Price of Steel Could Jump Under Proposed Tariffs
US seeks anti-dumping duties against steel from 19 nations
SIX months ago the price of leaded hot-rolled bar was $500 a ton. Although demand for this steel, used in the auto industry, is far from robust, the price today is closer to $600.
The reason for the price rise: The Commerce Department declared foreign producers were dumping the steel, a practice of selling a product abroad at prices lower than fair value. The ruling allowed domestic producers to raise prices because of new tariffs on imported steel.
On Wednesday, the Commerce Department made a preliminary decision that steel mills in 19 countries were dumping other more-common types of steel: flat-rolled products that are mainly used in the cars and appliances. As a result of the finding, the agency proposed tacking on duties as high as 109 percent.
Last Friday, both LTV Corporation and US Steel raised prices on flat-rolled products by $20 a ton or 3 to 5 percent, effective April 4. The price hike, which analysts expect to hold, came despite the fact the industry is operating at 80 percent of capacity.
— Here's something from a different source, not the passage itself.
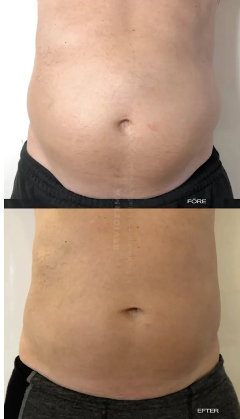 Behandlingen minskar envisa fettansamlingar samtidigt som huden blir fastare och jämnare.

"There could be some panic by the service centers [wholesale buyers of steel], and end users could be concerned that a shortage could develop," says Fred Lamesch, president of Trade Arbed, a Luxembourg steel company. "If they all try to buy enough to cover themselves, the domestic mills could get booked out and prices could go through the roof."
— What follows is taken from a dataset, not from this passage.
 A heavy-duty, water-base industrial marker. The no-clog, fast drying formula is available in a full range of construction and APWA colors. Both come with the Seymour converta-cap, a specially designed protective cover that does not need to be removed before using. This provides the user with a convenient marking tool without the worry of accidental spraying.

Although the decision stems from Bush administration policies, it is being treated abroad as a Clinton administration decision. Hence the ruling is likely to push trade policy closer to President Clinton's front burner. The European Community called the action "unwarranted and wholly disproportionate" and said it would seek urgent consultations with the United States at the General Agreement on Tariffs and Trade organization in Geneva.
The duties hit some countries harder than others. Most steel products from Belgium and Canada received small tariff increases. But Japanese, Brazilian, Mexican, Spanish, British, and French steel products were assessed large duties. Nippon Steel, for example, will have a 27-percent duty added to its corrosion-resistant steel, while the British Steel Corporation will have a 109- percent tariff added to its plate steel exports.
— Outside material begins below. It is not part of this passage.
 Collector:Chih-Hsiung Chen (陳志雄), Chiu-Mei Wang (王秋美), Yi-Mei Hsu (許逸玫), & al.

"The tariffs will virtually eliminate a lot of producers from the US market," says Mr. Lamesch, who estimates any duty above 10 percent will prevent a company from competing in the US.
The decision comes at a time when foreign steel imports are shrinking. Last March, foreign steel was 20 percent of the US market. Foreign companies had a voluntary restraint agreement (VRA) to maintain their exports at that level. But negotiations for a new accord broke down. Since then the foreign share of the market has shrunk to 17 percent.
John Griffin, the president of the American Institute for International Steel Inc. (AIIS), a lobbying group, said the Commerce finding is based on "distorted exchange rates." He says the German mark had fallen enough to reduce dumping margins by about 12 percent. Yet the dumping duty on some German steel was as high as 29 percent.
The Commerce decision may push the industry back into negotiations over new VRAs. Erwin Klein, a director of the AIIS, expects the talks to resume in February or March. The US industry may be forced into the negotiations to avoid retaliation by foreign countries.
Both Canadian and Mexican steel producers have filed dumping charges in their own countries against US steel.
The Clinton administration appears to support the finding. Commerce Secretary Ron Brown, in a statement issued with the ruling, said. "The administration fully supports the rights of the domestic industry to obtain relief from unfair trade practices under US laws and will make sure that these laws are enforced in a fair and effective manner."
The decision may result in some strange dislocations. USX Corporation, the parent of US Steel, buys hot-rolled steel products from Posco, a South Korean manufacturer, to supply a California rolling mill that is a joint venture with USX. On Wednesday, the Commerce Department added a 30-percent tariff to Posco's hot-rolled steel. If the tariff sticks, USX may have to ship in steel from other US suppliers, adding to costs. US Steel was one of 11 domestic producers that filed the dumping suit.
The Commerce Department will make a final decision on six of the countries on April 12 and then will finish its process by mid-June. If the final determination agrees with the preliminary finding, the International Trade Commission has 45 days to decide if the imports have materially injured the US industry.